Os diferentes interesses e os acordos assinados pelos
representantes do
poder permitiram que as sustâncias venenosas dos ricos sejam oferecidas aos
pobres como remédio de curto prazo para paliar a sua pobreza. Esta situação
se observa tanto no plano nacional
(nos EUA, onde as instalações dos
resíduos e as indústria “sujas” afetam desproporcionadamente as comunidades
de baixa renda e as pessoas de cor), como no plano internacional
(onde os
resíduos perigosos se transportam dos países membros da Organização para
a
Cooperação e o Desenvolvimento
Econômico – OCDE aos Estados não
pertencentes à mesma).
As pessoas de cor que se encontram em perigo nos países industrializados do
Norte têm muito em comum com as populações dos países em
desenvolvimento,
que também estão ameaçadas pelas empresas poluentes.
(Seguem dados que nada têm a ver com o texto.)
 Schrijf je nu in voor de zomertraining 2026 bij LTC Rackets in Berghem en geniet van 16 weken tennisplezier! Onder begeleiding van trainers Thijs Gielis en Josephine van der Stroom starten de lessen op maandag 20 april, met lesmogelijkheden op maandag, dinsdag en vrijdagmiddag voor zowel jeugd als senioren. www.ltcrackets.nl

Por
exemplo, grupos
comunitários do Norco (Estado
de Luisiana) e de Ogoni (Nigéria)
identificaram a Shell como uma ameaça
comum. Os ativistas da justiça
ambiental têm se mobilizado em grupos dentro das cidades, bairros e
vilas,
desde Atlanta até o Equador; do Alaska até a África do Sul;
das reservas
dos indígenas dos EUA às selvas tropicais da Colômbia,
El Salvador e do
Brasil. Estes grupos têm se organizado, educado e empoderado
a si mesmo,
para desafiar o Governo e as empresas industriais poluentes.
O racismo ambiental se manifesta no
trato desigual que recebem os
operários. Milhares de trabalhadores do campo e
as suas famílias estão
expostos a perigosos agrotóxicos nas terras onde laboram.
Igualmente eles
são obrigados a aceitar salários e condições de
trabalho inferiores ao
nível médio. O racismo ambiental também se expande pelo entorno das funções
exploradoras e escravizantes das empresas
manufatureiras de roupa, da
indústria microeletrônica e das indústrias extrativistas. Uma
percentagem
desproporcionadamente elevada de trabalhadores que se defrontam a condições
trabalhistas e de segurança mínimas são imigrantes, mulheres e
pessoas de
cor.
Fonte: Revista Eco 21, ano XV, Nº 98, janeiro/2005.